According to Reporters Without Borders, Yahoo and its local partner, Alibaba, helped the Chinese government nail Li Zhi.
Reporters Without Borders said it had obtained a copy of the court verdict against Li Zhi (below), a former official jailed for eight years in December 2003, confirming that US firm Yahoo ! collaborated with the prosecution, as did local competitor, Sina.
“The Li Zhi verdict shows that all Internet sector companies are pulled in to help when the police investigate a political dissident,” the press freedom organization said.
Link here along with the actual transcript of the verdict in Chinese (if you’re fluent, feel free to comment on this blog).
Li Zhi is the man who got “eight years in jail for trying to query and join a democracy group from his home in Sichuan.” What an evil man!
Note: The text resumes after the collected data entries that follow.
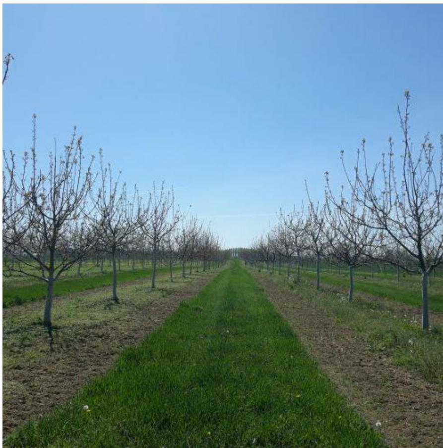
Slika 1. Ječam u busanju

Cilj istraživanja je odrediti utjecaj konsocijacijskog sustava oraha i ječma na komponente prinosa i svojstva ječma u voćnjaku starosti 12 godina, te na osnovu rezultata istraživanja ispitati produktivnost takvog sustava
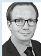
Etienne Kneschke KARL STORZ SE & Co. KG
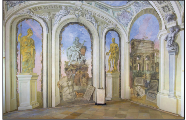
6. kép. A sala terrena
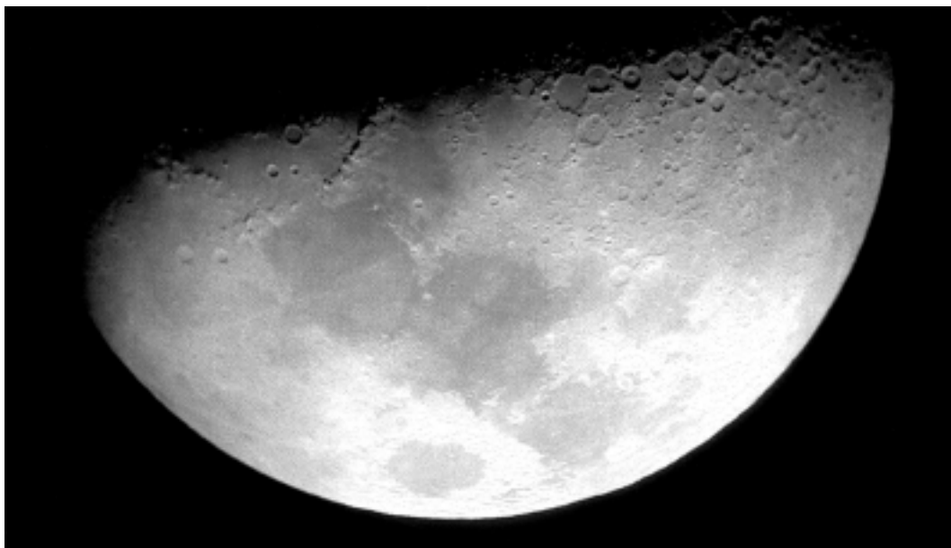
Foto della Luna scattata il 26/12/1998 con fotocamera digitale Nikon
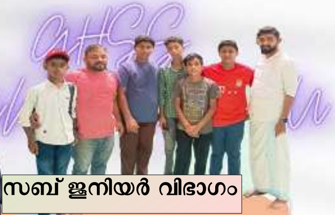
സബ് ജൂനിയർ വിഭാഗം

പെരിന്തൽമണ്ണ സബ്ജില്ല ബാഡ്മിൻറൻ മത്സരത്തിൽ ജൂനിയർ വിഭാഗം ഒന്നാം സ്ഥാനവും സബ്ജൂനിയർ വിഭാഗം രണ്ടാംസ്ഥാനവും കൈവരിച്ചു
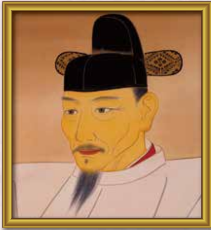
① 豊○秀○ 天下人となった武将です。
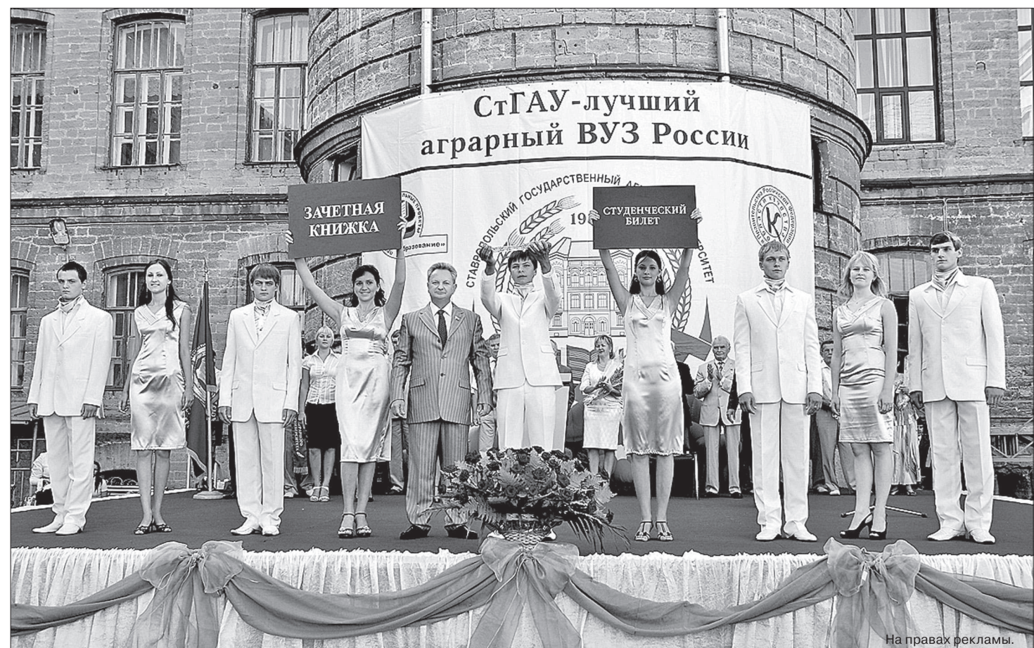
● Посвящение в студенты на празднование Дня знаний.

ПОДТВЕРЖДЕНИЕМ высокого качества предоставляемых вузом образовательных услуг является неизменно высокий конкурс среди абитуриентов (в 2010 году в целом по университету он
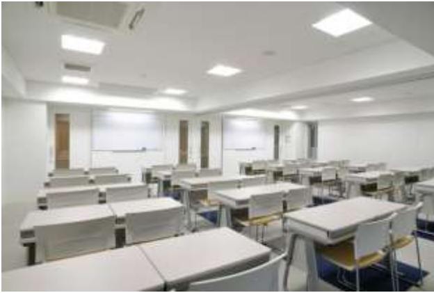
2階と3階は、教室です。 OAフロアの快適なパソコン教室そして、光あふれる普通教室 3階は、あけ放すと150名の講演会場にもなります。
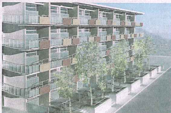
Así queda el bloque de pisos una vez apilados los contenedores
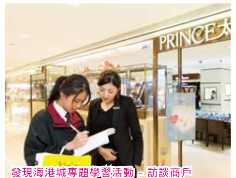
發現海港城專題學習活動 - 訪談商戶
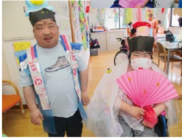
七夕まつりを仮装して楽しんだよ
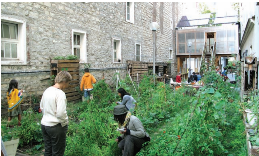
Le Passage 56, jardin partagé, 2009.

L'agencement jardinier nous apprend à traverser les milieux, à passer d'un espace à un autre, à changer d'emplacement et à y revenir. Petit à petit, nous avons pu relier les espaces hétérogènes que nous construisions ensemble avec leurs usagers, en occasionnant des rencontres inhabituelles, des bribes de dialogue, du faire ensemble, des contradictions en douceur : un apprentissage du politique par des temporalités, des dynamiques et des contenus hétérogènes. Plutôt que des formes verbales et délibératives, l'agencement jardinier encourage des pratiques physiques, gestuelles, visuelles, non verbales, et une démocratie incorporée : un vivre ensemble comme corps commun 18 .
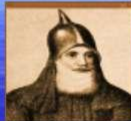
Рюрик (Новгород) 862-879
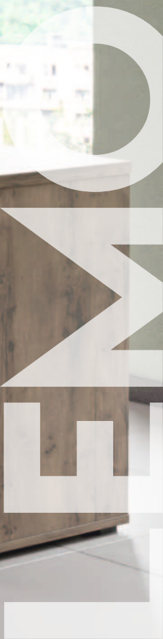
Тумба приставная L-233
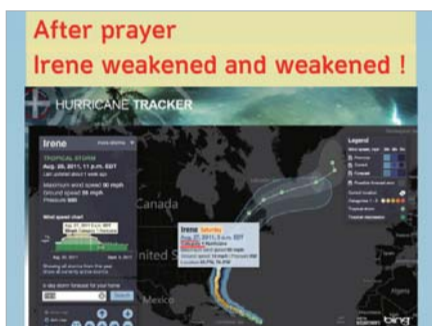
Ураган Ірина слабшає після молитви доктора Лі

► У вересні 2001 року Закордонна кампанія доктора Джерок Лі на Філіппінах мала відбутися у Лунета Парку. Перед кампанією два тайфуни мали прийти у той район, де мав відбутися захід. На прес-конференції доктор Лі відкрито заявив про свою віру, промовивши, що він довіряє Богові, Який привів його на Філіппіни, і що кампанія успішно відбудеться без жодних проблем. Насправді, саме так, як він говорив, кампанія була успішною, погода була прохолодною, без дощу.
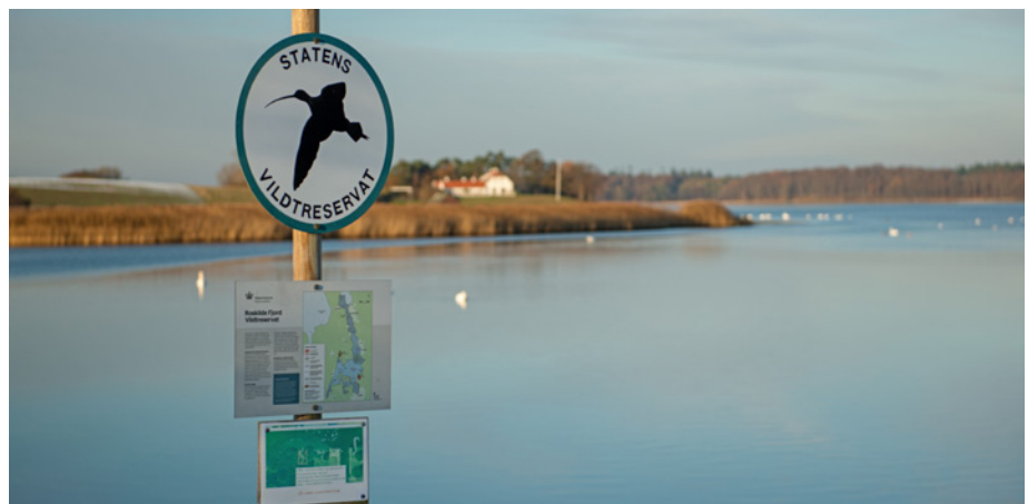
Som konsekvens af køkkenbordsforliget blev der oprettet en lang række vildtreservater i samarbejde med de lokale aktører.

Dette var afslutningen på historien om køkkenbordsforliget og Vildtforvaltningsrådets arbejde i de efterfølgende år. På et senere tidspunkt vil vi her i bladet dykke ned flere aspekter af den nyere danske jagthistorie. klj@jaegerne.dk
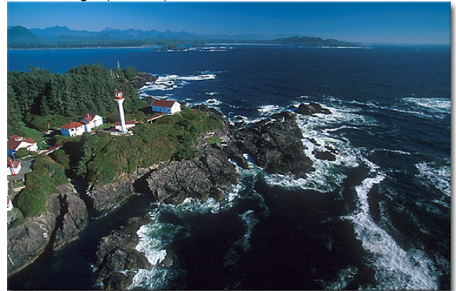
Lennard Lighthouse bei Tofino

An der abwechslungsreichen Küste von Vancouver Island fahren Sie zuerst einmal nach Norden , ehe es dann quer über die Insel auf einer kurvenreichen , achterbahnähnlichen Straße zur offenen Pazifikseite, zum Pacific Rim Nat.Park geht. Sie wohnen in Tofino im Hotel Middle Beach Lodge. (2 Übern)
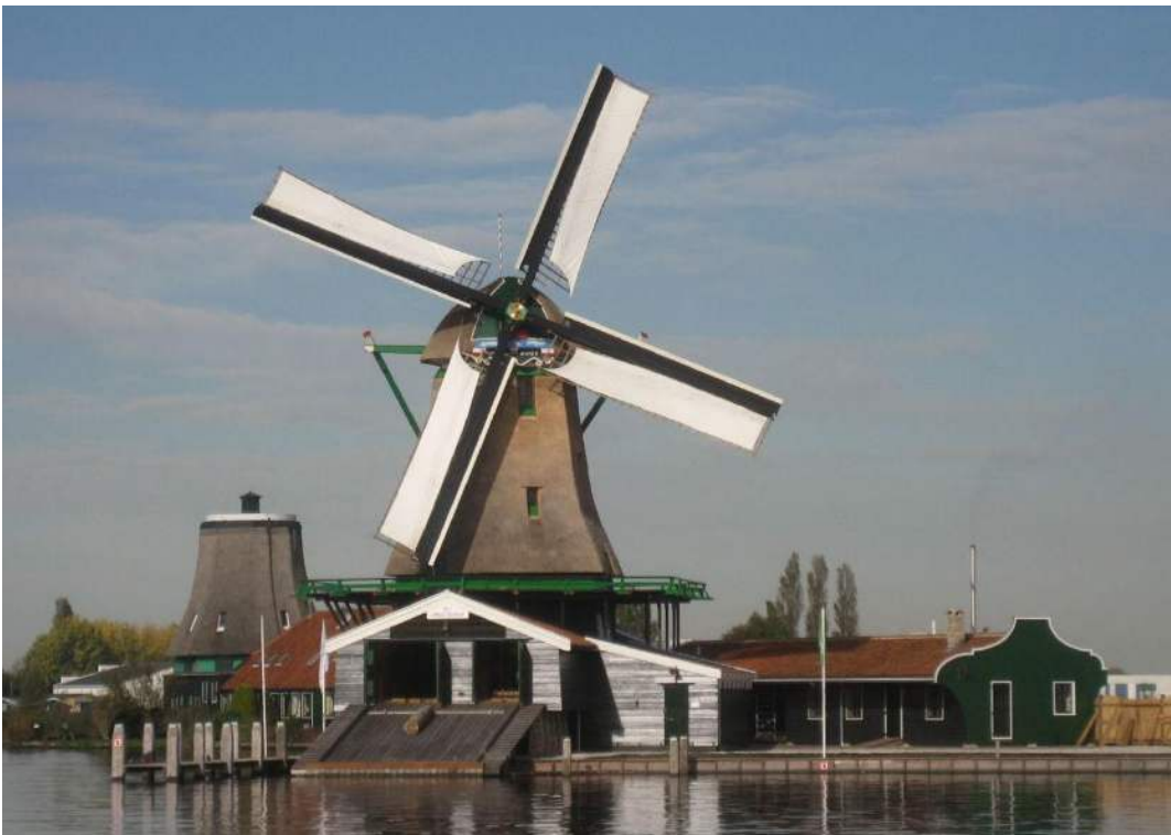
Het Jonge Schaap te Zaandam voltooid

However, another source, Roland Soong, says the whole thing with Li Zhi is overblown:
Roland Soong, a highly regarded translator and media researcher who is the author of the EastSouthWestNorth blog, did not dispute reports that Yahoo provided Chinese police with evidence used to build a case against Li. However, he said Yahoo’s role in the case has been overblown, and questioned why the case has attracted so much attention now, nearly two years after the statement was written by Li’s lawyers.
It is unclear whether or not Roland he has seen the transcript of the verdict (he’s speaking about the appeal). Since I don’t speak or write Chinese, it’s difficult to go off of more than just media reports.
Needless to say, turning over personal information that directly supports a government’s reprehensible human rights violations is difficult to excuse. Internet companies say “we’re just obeying the laws of the land”. We’ve heard that before, but I won’t bother to push hard analogies out of respect to Godwin’s Law. If turning over the email records of some poor sod who spoke his mind ends him up dead or in prison for years, you just can’t do it.
Remember, Zhao Yan faces 10 years in prison for “endangering state secrets” (what those state secrets are, no one knows). Li Zhi got eight years in prison for applying for membership to a banned political party. Shi Toa got 10 years for a similarly minor violation.
Of course, I would be jailed for this blog entry in China.